Han unification

The term Han unification (English Han unification ) is in the computer science unifying the Chinese Hanzi, Japanese Kanji and Korean Hanja (CJD ), rarely also the Vietnamese chu nom, referred to in a character set. The term is used mostly in connection with Unicode and carried out there Han unification.

The idea to unite the various Han fonts in a font is not new - back in 1980 existed with CCCII a character set of symbols, and Kanji characters long united. This idea has also been followed in the development of the Unicode standard. In February 1990, a specially specialized in the Han unification group, the CJK IRG, was founded. This group was renamed in IRG little later.

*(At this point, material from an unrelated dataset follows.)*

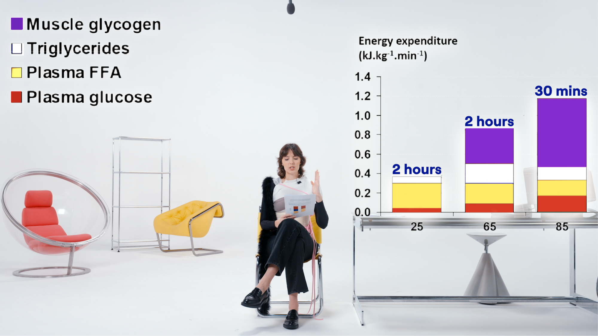 Watt M J et al., “Intramuscular triacylglycerol, glycogen and acetyl group metabolism during 4 h of moderate exercise in man.” The Journal of physiology 541, Pt 3 (2002): 969-78. https://pubmed.ncbi.nlm.nih.gov/12068055/

When China to develop a new character set, GB 13000 announcing to Unicode and China agreed to develop the Han character set in common.

Han unification in Unicode

For the Han unification in Unicode Ideographic Rapporteur the Group ( IRG) is responsible to review all proposals and encoding characters that can be combined, tracks down. The unification in Unicode is based on strict rules:

  • In order to make the switch from older character sets easier to Unicode, was for the 20,902 characters of the first Unicode version of the source separation rule used, stating that two ideograms that are differentiated in an older character set, also be distinguished in Unicode. For later coded CJK ideographs this rule is no longer used.
  • If ideograms are not used by the historical significance here, they are also not united. This is for instance the case of the character土(earth) and士(warrior ), which, although look similar but have completely different meanings and origins.

Subsequently, the ideograms are broken down into their individual lines. Thereafter, the number and position of the bars that structure the coding in an older character set as well as the radical of the characters can be determined. If everything matches, the characters are combined, but not otherwise.

Most of the characters are simplified if they look different only in the various writing styles of Chinese writing. So is written in the document either with one or with two upper points, for example, the radical辵( as radical辶). In the regular script and the manuscript of this character has all but only one point. Similarly, it is also at the示radical, which, although in the classical reference ( Ming) still written as a示in hand and regular script, however礻is written. Since it has been tried by the Scripture reforms in the People's Republic of China and Japan, adjust the print font to the manuscript, in Korea, however, not limited and in Taiwan, do these differences.

The following table shows the different representation of a character per line for various CJK fonts ( Chinese without notice, simplified Chinese characters as in PRC used Chinese traditional characters, as in the Republic of China ( Taiwan) used in Japanese, Korean), by the respective writing specific characteristics derived. These can be derived from the stroke order, the number of pulses or direction. For ordinary operation while the appropriate fonts must be installed and select the browser to the appropriate right.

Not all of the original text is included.